After that, the overpayments increased with each county-wide salary increase. Last year the maximum salary was more than $46,584. The county attorney made $60,688.

Leeper says the maximum annual salary is a combination of state and county funds. He says each year the state sends a letter with a formula for the salary. Leeper says the letter has only been sent to the county attorneys office, not to the people cutting the checks.  

"I believe they should have sent that to the finance officer at least, and also the county judge and fiscal court members of the county should be made aware of it. I think with more than one person being responsible to look at it, I believe it would have been caught," Leeper said.
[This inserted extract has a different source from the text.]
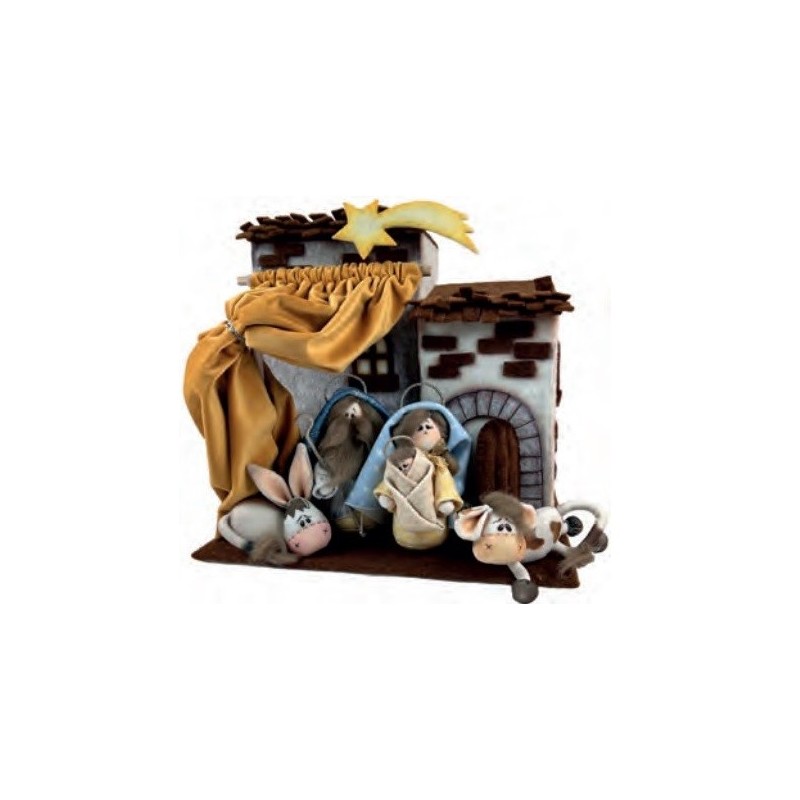 Kit presepe della linea renkalik, contenente la struttura e i materiali velluto, feltro modellabile per realizzare la splendida capanna, tutto dustellato, scheda con istruzioni per il montaggio, bastoni in legno.

Leeper says he is working to get to the bottom of the issue and how figure out how county attorneys should repay. He says all the county attorneys in this time frame are cooperating. Dan Boaz was the incoming county attorney when miscalculations first started.

"Sometimes mistakes are made and, by all means, it's not the end of the world or anything like that," Boaz said. "And if it needs to be repaid, it will be repaid."

Leeper says he talked to the state's attorney general and suggested the letter with the salary equation is also sent to his office, because he's worried this is happening in other counties in the state. 
The state's attorney general has agreed to start sending the letters with the salary equation to more than one county office. 

The attorneys' accountants are looking over the numbers with the county to determine what exactly they owe. Then they'll come up with a payment plan.